Задержавшись в Германии, он расстался с товарищами, бок о бок с которыми воевал почти год. Теперь, в незнакомом окружении, его начали одолевать «неотвратимые военные мысли и мыслишки», которые так донимали сержанта Бэйба в рассказе «Солдат во Франции». Когда его товарищи были демобилизованы, Сэлинджер остался один на один с тяжелыми воспоминаниями и мало-помалу впадал в отчаяние.
Тринадцатого мая, примерно тогда же, когда получил назначение в Вайсенбург, Сэлинджер написал Элизабет Мюррей. В этом письме он предстает человеком подавленным, не приемлющим войну и армейскую службу. Его сводят с ума пережитые на фронте ужасы и преследуют тени погибших друзей. Сам он выжил только чудом — что не избавляло его от чувства вины перед павшими. «Элизабет, — пишет Сэлинджер, — ты вряд ли представляешь себе, во что мы все тут влипли».

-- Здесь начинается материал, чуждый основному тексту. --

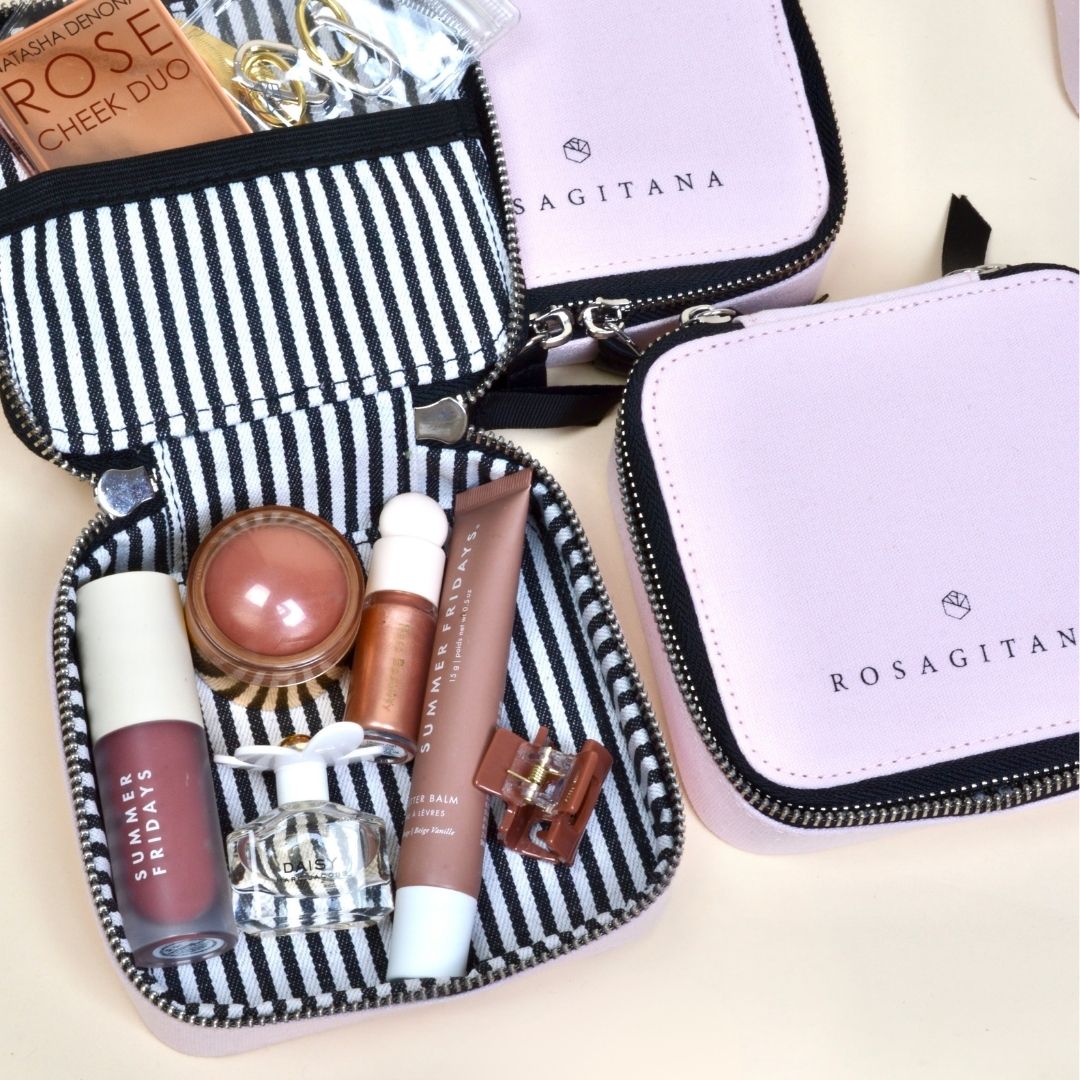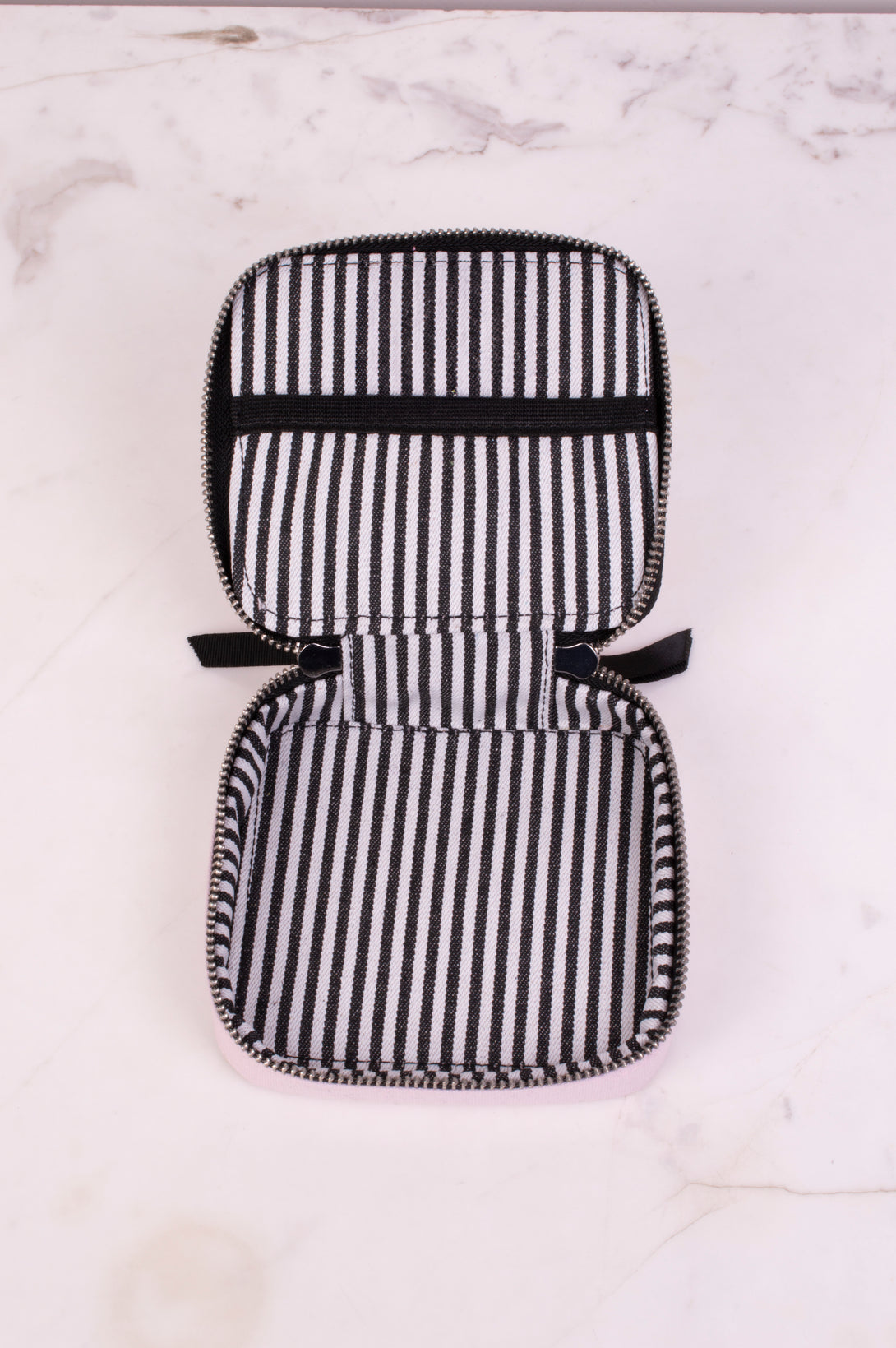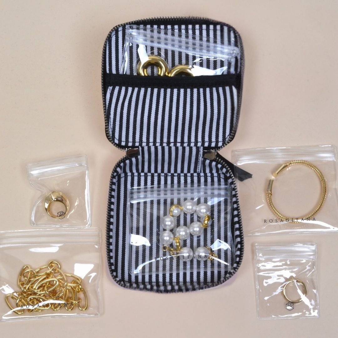 Un joyero versátil, chic y práctico diseñado por Rosagitana. Su interior con forro a rayas y cierre de doble vista lo convierte en el accesorio ideal para mantener tu joyería siempre organizada. Está pensado para usarse junto con las bolsitas de plástico resellables que entregamos con cada pieza, pero también puedes darle otros usos: guardar maquillaje, skincare, accesorios pequeños o esenciales de viaje.

В мирной довоенной жизни Сэлинджер брался за перо, чтобы излить душевную боль и выразить чувства, которым в жизни выхода не находилось. Во время войны, не удовлетворенный выразительными возможностями прозы, он обратился к поэзии. За один только 1945 год он отправил в «Нью-Иоркер» 15 стихотворений, чем успел вызвать недовольство редакционных сотрудников.
Что бы Сэлинджер ни писал, стихи или прозу, творчество всегда служило ему средством осмыслить собственные переживания. Поэтому многие, в том числе и Уит Бернетт, вполне закономерно ожидали от него военного романа. Но ожидания эти были напрасны. Дважды описав военные действия в рассказах «Магический окопчик» и «Солдат во Франции», Сэлинджер присоединился к своему герою Бэйбу, поклявшемуся и «Дне перед прощанием» «ни одним словом не обмолвиться» о войне.

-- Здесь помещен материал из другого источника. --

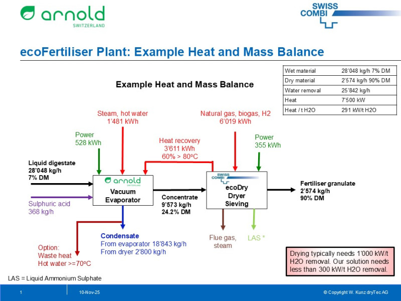 In the eFP, around 28 tonnes of liquid digestate are processed into almost 2.6 tonnes of fertiliser granules per hour. And with a heat demand of less than 300 kW per tonne of water removed, our solution is significantly more efficient than conventional drying methods, which require more than three times as much heat for water evaporation.

При всем при том Сэлинджер полагал, что романы о войне нужны. Об этом он говорил, в частности, в интервью журналу «Эсквайр», приуроченному к публикации в октябрьском номере рассказа «Сельди в бочке»: «Во всех до сих пор написанных романах об этой войне более чем достаточно столь любезных критикам мощи, зрелости и мастерства, но им остро не хватает того восхитительного несовершенства, что потрясает и захватывает лучшие умы. Люди, прошедшие через эту войну, заслужили того, чтобы о них, не стыдясь и не оправдываясь, спели срывающимся голосом. Я очень жду появления такой книги».
Память о пережитом на войне, продление срока службы, расставание с боевыми товарищами, необходимость постоянно хранить в себе душевную боль — все это летом 1945 года начало сказываться на психологическом состоянии Джерри Сэлинджера. Мало-помалу душевная подавленность переросла у него в настоящую депрессию. Вдоволь навидавшись случаев психологических травм, полученных в ходе боевых действий, или, как это называется сейчас, посттравматического стрессового расстройства, он хорошо понимал опасность своего состояния и поэтому в июле обратился за помощью в нюрнбергский военный госпиталь.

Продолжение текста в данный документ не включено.